_WHAT THE TASK REQUIRES_
Exactly as written, transcribe the data from its opening line through the line containing "22일 많은 눈이 내리는 1100도로 어승생 입구. 연합뉴스". Leave every picture out.

(Collection entries)
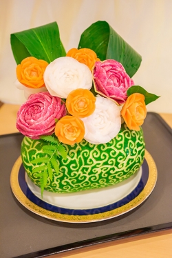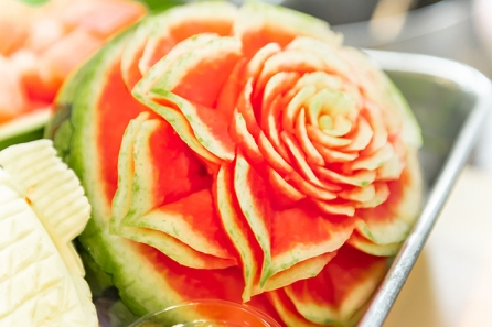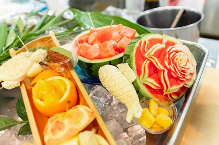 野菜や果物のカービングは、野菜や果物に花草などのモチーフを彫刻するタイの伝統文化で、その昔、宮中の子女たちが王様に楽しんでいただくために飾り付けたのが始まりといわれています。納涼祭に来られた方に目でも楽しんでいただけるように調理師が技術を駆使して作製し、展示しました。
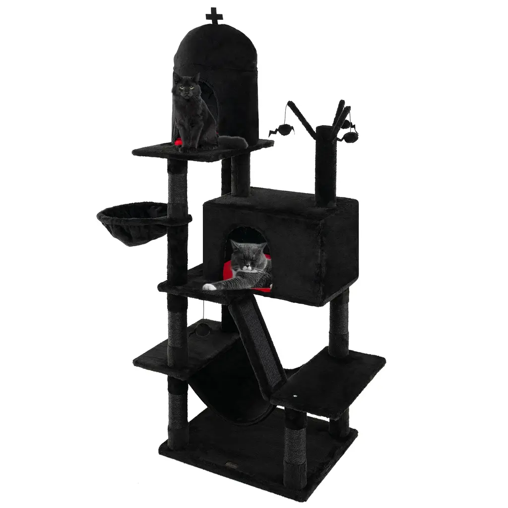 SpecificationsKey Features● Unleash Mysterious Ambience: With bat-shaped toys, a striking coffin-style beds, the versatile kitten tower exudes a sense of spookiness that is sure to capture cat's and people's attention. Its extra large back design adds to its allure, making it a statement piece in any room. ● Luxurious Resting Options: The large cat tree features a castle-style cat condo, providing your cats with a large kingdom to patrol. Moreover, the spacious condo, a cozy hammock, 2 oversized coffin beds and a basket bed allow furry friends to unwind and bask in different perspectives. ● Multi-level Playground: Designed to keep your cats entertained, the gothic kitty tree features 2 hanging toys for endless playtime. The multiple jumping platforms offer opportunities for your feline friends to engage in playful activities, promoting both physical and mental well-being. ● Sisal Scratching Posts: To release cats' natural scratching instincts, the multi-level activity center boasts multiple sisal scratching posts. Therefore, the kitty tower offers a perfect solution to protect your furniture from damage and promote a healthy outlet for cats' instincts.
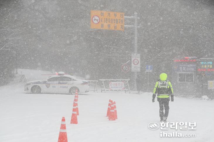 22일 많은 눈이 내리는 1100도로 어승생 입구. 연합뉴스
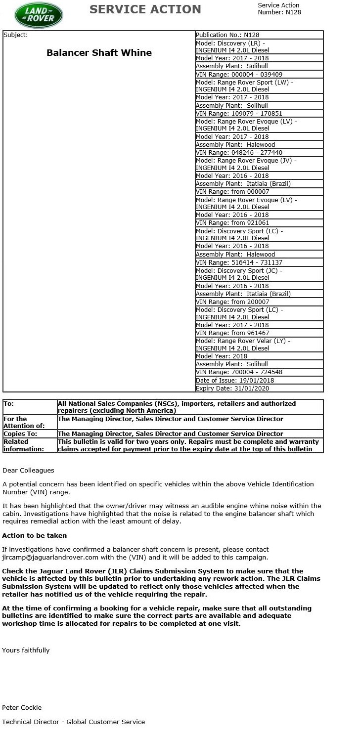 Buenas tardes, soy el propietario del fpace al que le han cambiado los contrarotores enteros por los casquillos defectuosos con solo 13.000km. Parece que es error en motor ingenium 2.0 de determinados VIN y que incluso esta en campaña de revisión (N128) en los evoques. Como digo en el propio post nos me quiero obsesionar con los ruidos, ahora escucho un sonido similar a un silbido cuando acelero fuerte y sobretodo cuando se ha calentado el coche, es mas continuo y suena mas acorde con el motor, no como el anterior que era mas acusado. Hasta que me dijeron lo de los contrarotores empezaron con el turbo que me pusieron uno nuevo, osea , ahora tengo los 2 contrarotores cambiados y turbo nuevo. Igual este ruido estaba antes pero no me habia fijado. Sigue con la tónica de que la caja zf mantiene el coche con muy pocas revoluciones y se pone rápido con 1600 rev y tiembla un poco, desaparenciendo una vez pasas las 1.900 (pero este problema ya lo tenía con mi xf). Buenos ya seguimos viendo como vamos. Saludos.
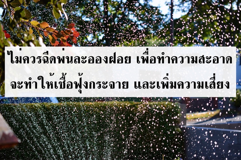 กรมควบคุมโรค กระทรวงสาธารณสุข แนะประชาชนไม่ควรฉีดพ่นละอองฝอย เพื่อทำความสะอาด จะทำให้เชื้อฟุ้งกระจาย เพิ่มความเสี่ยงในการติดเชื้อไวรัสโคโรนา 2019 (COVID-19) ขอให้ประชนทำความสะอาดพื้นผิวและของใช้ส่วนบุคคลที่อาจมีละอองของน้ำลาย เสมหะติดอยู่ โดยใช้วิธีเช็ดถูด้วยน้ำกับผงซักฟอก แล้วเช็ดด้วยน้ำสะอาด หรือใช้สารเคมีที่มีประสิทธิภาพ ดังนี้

_OUTPUT_
 野菜や果物のカービングは、野菜や果物に花草などのモチーフを彫刻するタイの伝統文化で、その昔、宮中の子女たちが王様に楽しんでいただくために飾り付けたのが始まりといわれています。納涼祭に来られた方に目でも楽しんでいただけるように調理師が技術を駆使して作製し、展示しました。
 SpecificationsKey Features● Unleash Mysterious Ambience: With bat-shaped toys, a striking coffin-style beds, the versatile kitten tower exudes a sense of spookiness that is sure to capture cat's and people's attention. Its extra large back design adds to its allure, making it a statement piece in any room. ● Luxurious Resting Options: The large cat tree features a castle-style cat condo, providing your cats with a large kingdom to patrol. Moreover, the spacious condo, a cozy hammock, 2 oversized coffin beds and a basket bed allow furry friends to unwind and bask in different perspectives. ● Multi-level Playground: Designed to keep your cats entertained, the gothic kitty tree features 2 hanging toys for endless playtime. The multiple jumping platforms offer opportunities for your feline friends to engage in playful activities, promoting both physical and mental well-being. ● Sisal Scratching Posts: To release cats' natural scratching instincts, the multi-level activity center boasts multiple sisal scratching posts. Therefore, the kitty tower offers a perfect solution to protect your furniture from damage and promote a healthy outlet for cats' instincts.
 22일 많은 눈이 내리는 1100도로 어승생 입구. 연합뉴스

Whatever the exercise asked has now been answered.